Isso significa que a religião perdeu o seu “dossel”, sua autoridade e seu poder de explicar a vida, a realidade e o mundo, conforme Berger (2003:145), tornando-se privatizada e ao gosto da escolha do indivíduo. Considerando o fato de a religião perdeu sua prerrogativa de explicar a vida nas suas mais variadas dimensões, para Reginaldo Prandi e Pierucci (1996) a sociedade não precisa dela para nada essencial ao seu funcionamento. De acordo com esses pesquisadores (1996:260), a sociedade recorre à religião apenas festivamente, o que contribuiu para que ela fosse passando processualmente para o âmbito do indivíduo, e deste, para a esfera do consumo e em conformidade as regras do mercado. Isso indica que a gestão empresarial foi incorporada pela religião, o que serviu para iniciar uma nova forma de lidar e administrar o sagrado.

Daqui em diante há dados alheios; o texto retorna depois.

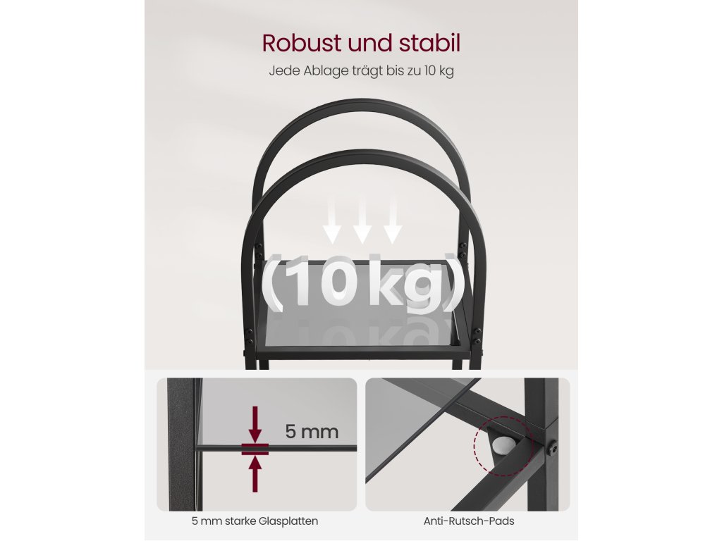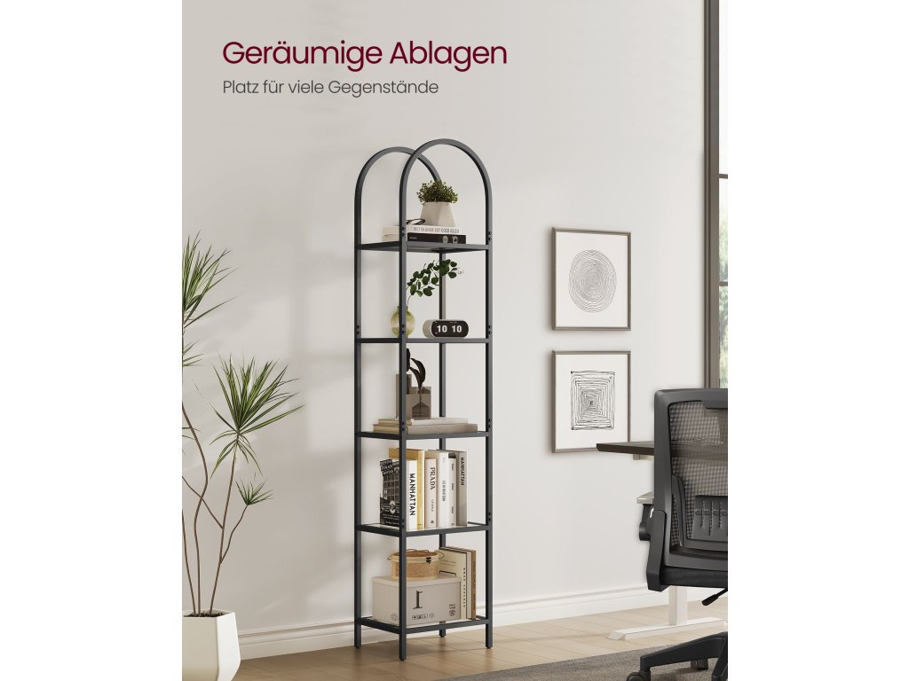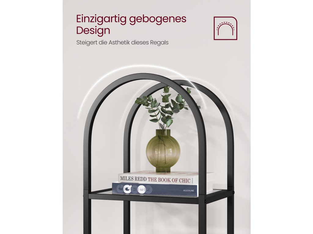 Pětipatrový regál z tvrzeného skla, obloukový design, ocelová konstrukce, do obývacího pokoje, ložnice, pracovny, koupelny, inkoustově černá a břidlicově šedá.

Essa nova lógica está voltada para o melhor desempenho da organização, tanto em termos de atuação no mercado religioso, quanto no que se refere à satisfação imediata dos fiéis e demais indivíduos. E por isso quer Peter F. Drucker (1999:80) declara: nas instituições do tipo igreja, sem fins econômicos propriamente econômicos, o desempenho precisa ser planejado, o que requer uma competência especial no trabalho de gestão da organização. Ser competente na gestão de uma igreja, no entanto, significa atuar com eficiência e eficácia para se obter bons resultados, o que certamente, envolve a gestão do sagrado numa perspectiva empresarial. Além disso, um gestor competente comunica a visão, lidera pessoas para que sigam o caminho e ainda executa táticas administrativas que sejam úteis na resolução dos conflitos organizacionais.